Data excerpts:
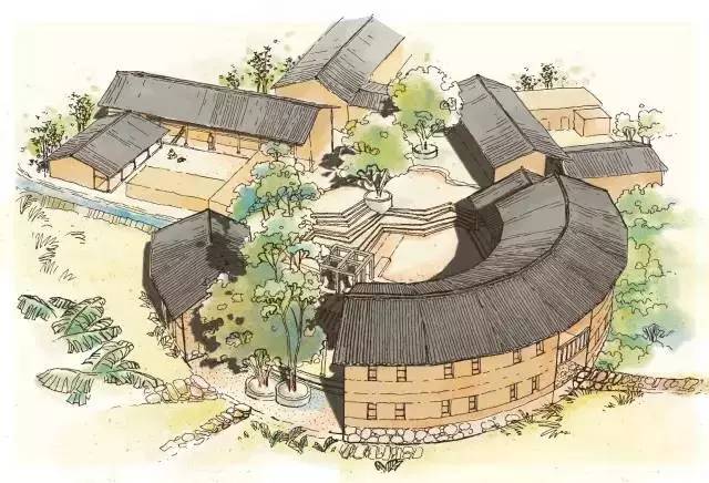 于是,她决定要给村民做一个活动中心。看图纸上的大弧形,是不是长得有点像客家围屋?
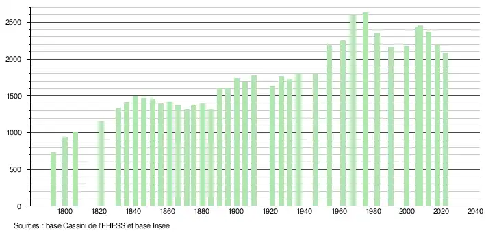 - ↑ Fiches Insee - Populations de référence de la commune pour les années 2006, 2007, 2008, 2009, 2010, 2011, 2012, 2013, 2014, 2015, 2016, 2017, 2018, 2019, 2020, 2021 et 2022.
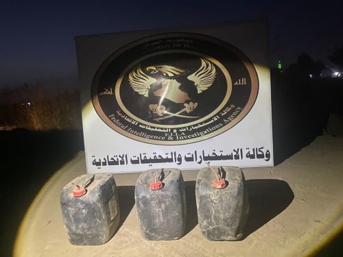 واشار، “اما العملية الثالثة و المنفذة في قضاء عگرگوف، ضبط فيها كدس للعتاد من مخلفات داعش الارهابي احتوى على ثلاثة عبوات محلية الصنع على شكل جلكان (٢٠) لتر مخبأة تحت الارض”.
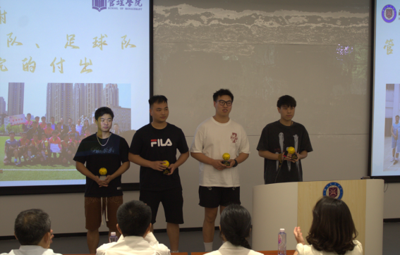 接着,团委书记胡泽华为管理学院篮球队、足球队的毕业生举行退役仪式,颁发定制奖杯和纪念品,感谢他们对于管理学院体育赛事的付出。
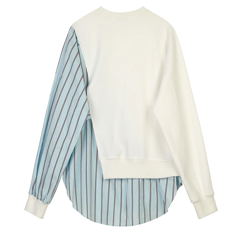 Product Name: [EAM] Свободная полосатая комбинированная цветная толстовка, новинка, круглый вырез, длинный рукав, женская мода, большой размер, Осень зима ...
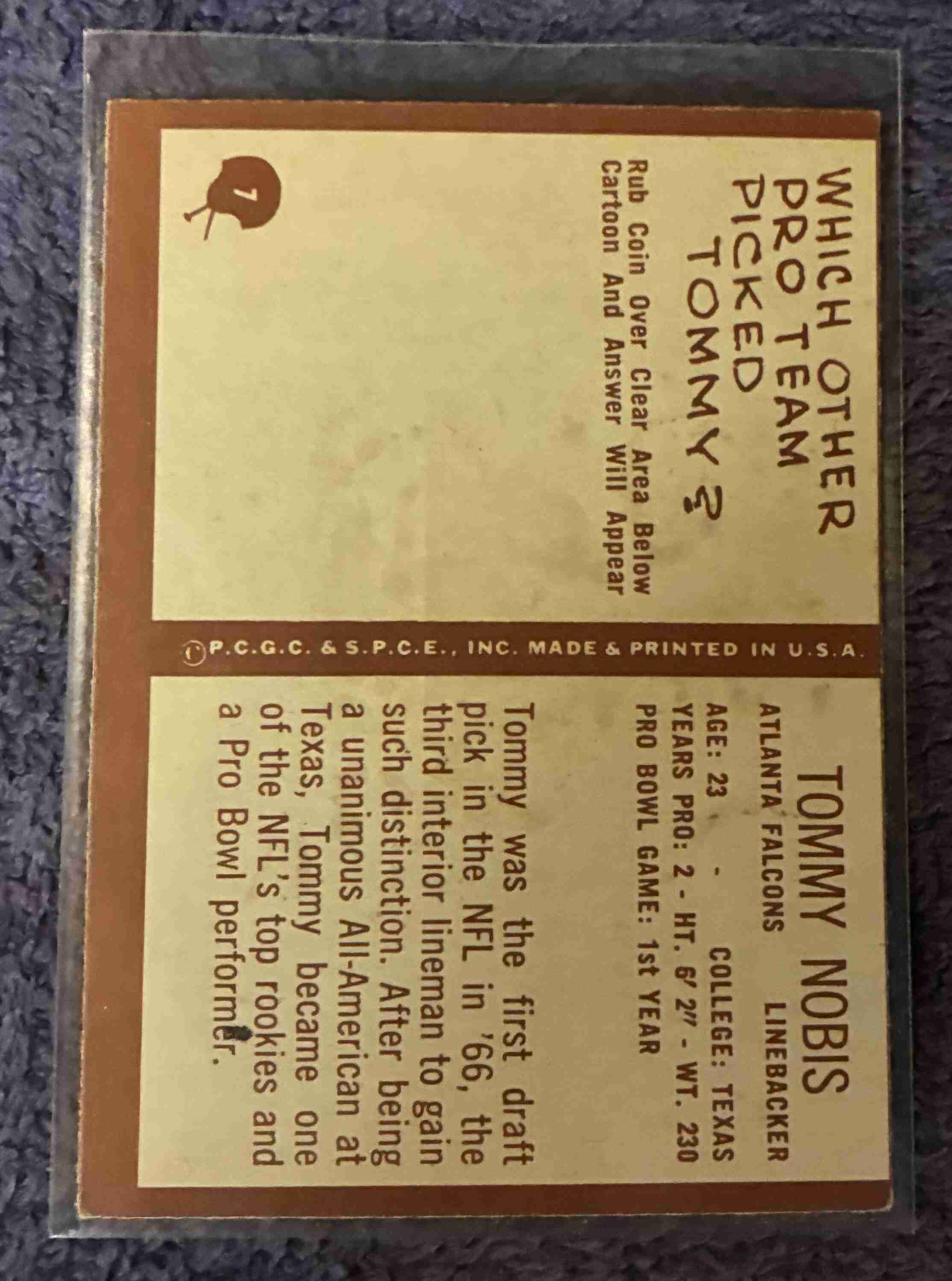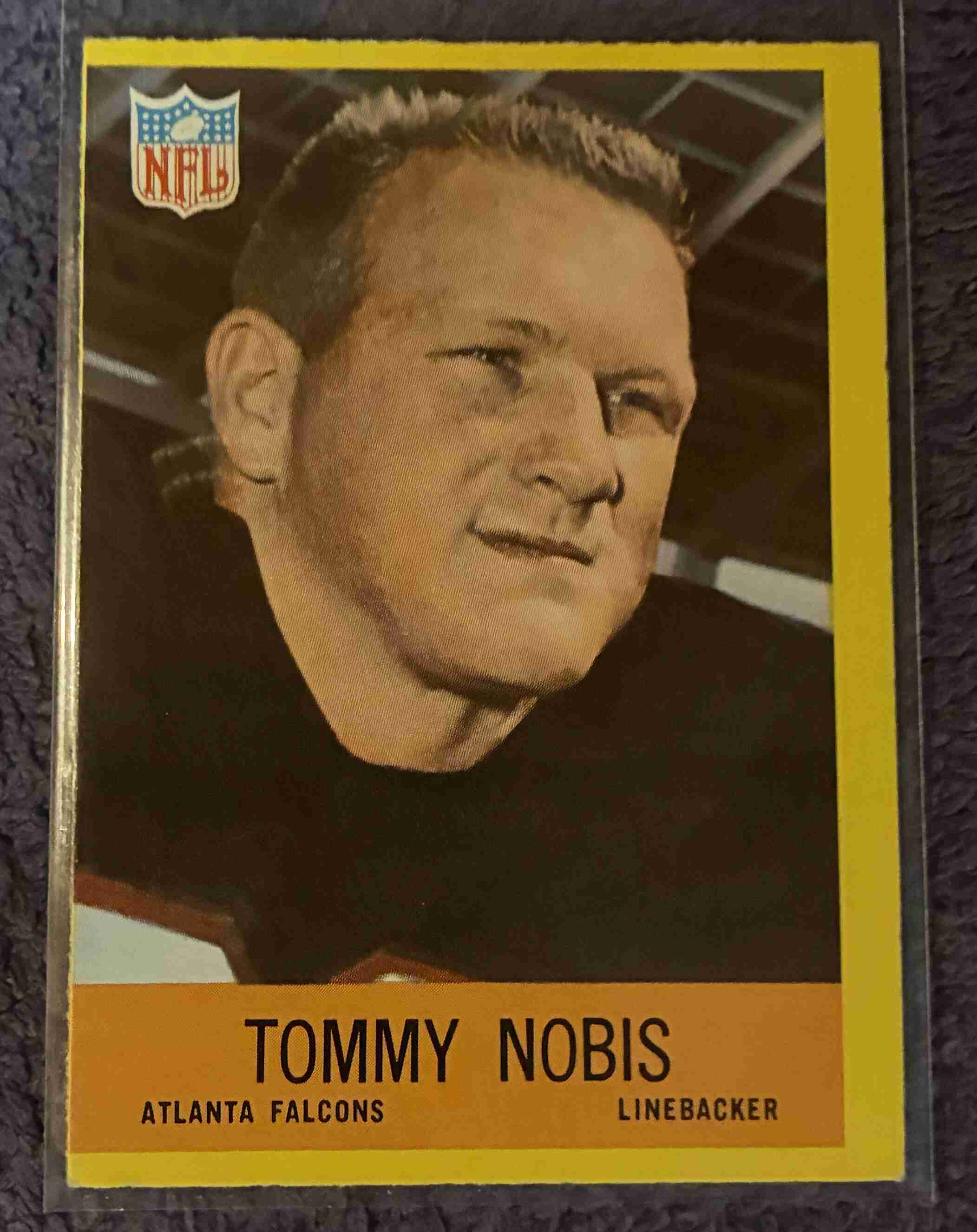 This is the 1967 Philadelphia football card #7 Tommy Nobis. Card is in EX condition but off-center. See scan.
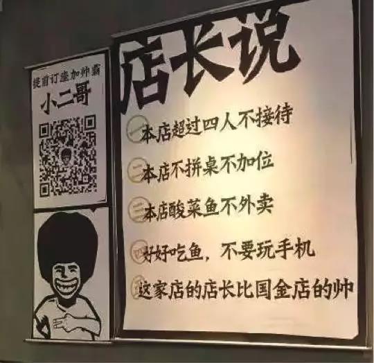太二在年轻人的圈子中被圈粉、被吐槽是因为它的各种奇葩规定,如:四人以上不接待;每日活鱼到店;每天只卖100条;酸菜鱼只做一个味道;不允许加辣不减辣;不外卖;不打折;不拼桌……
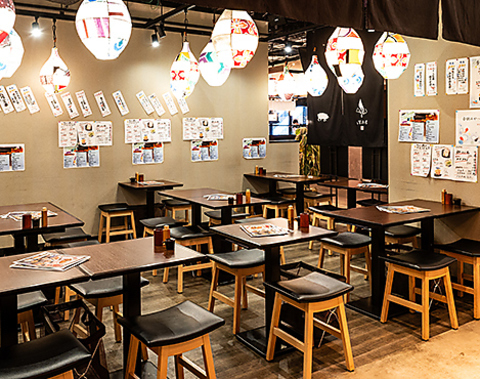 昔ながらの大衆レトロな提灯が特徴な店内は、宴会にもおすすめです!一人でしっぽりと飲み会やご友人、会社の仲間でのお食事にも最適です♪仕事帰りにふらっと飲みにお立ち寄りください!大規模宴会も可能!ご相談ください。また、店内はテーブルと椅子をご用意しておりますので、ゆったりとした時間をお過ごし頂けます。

...

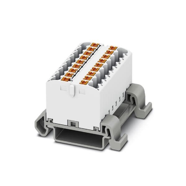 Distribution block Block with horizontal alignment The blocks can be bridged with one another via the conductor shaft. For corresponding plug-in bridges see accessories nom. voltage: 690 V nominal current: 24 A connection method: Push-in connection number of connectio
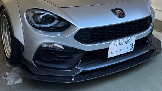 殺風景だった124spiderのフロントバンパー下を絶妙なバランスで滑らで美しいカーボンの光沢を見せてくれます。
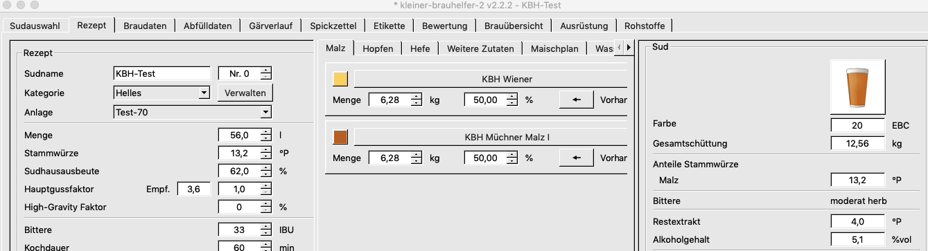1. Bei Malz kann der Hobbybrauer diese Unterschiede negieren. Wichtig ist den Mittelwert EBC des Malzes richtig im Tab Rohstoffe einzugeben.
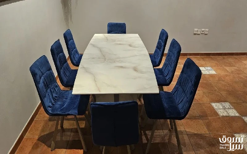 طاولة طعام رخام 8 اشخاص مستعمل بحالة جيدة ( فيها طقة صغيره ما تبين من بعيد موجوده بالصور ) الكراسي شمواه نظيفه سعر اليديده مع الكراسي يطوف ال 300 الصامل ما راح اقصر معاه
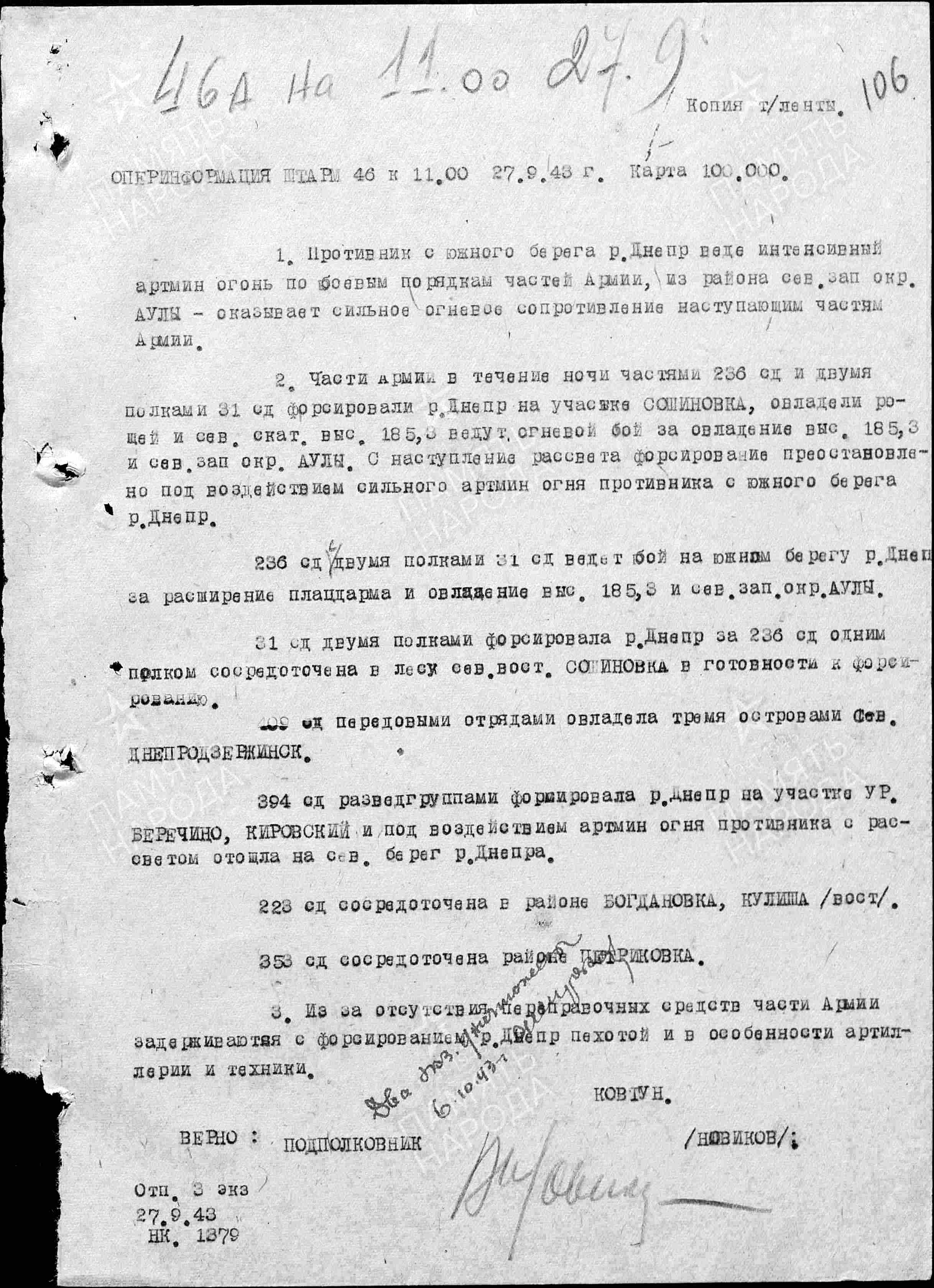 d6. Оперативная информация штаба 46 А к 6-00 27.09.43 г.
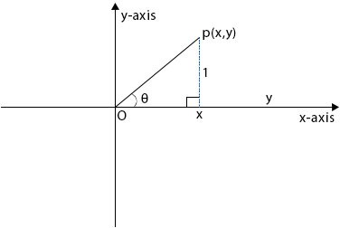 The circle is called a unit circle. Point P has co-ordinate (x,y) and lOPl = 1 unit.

_Your instructions_
What you return must match the lines above from the one with "接着,团委书记胡泽华为管理学" through the one with "昔ながらの大衆レトロな提灯が" exactly, with both ends included and the pictures excluded.

_Final answer_
 接着,团委书记胡泽华为管理学院篮球队、足球队的毕业生举行退役仪式,颁发定制奖杯和纪念品,感谢他们对于管理学院体育赛事的付出。
 Product Name: [EAM] Свободная полосатая комбинированная цветная толстовка, новинка, круглый вырез, длинный рукав, женская мода, большой размер, Осень зима ...
 This is the 1967 Philadelphia football card #7 Tommy Nobis. Card is in EX condition but off-center. See scan.
太二在年轻人的圈子中被圈粉、被吐槽是因为它的各种奇葩规定,如:四人以上不接待;每日活鱼到店;每天只卖100条;酸菜鱼只做一个味道;不允许加辣不减辣;不外卖;不打折;不拼桌……
 昔ながらの大衆レトロな提灯が特徴な店内は、宴会にもおすすめです!一人でしっぽりと飲み会やご友人、会社の仲間でのお食事にも最適です♪仕事帰りにふらっと飲みにお立ち寄りください!大規模宴会も可能!ご相談ください。また、店内はテーブルと椅子をご用意しておりますので、ゆったりとした時間をお過ごし頂けます。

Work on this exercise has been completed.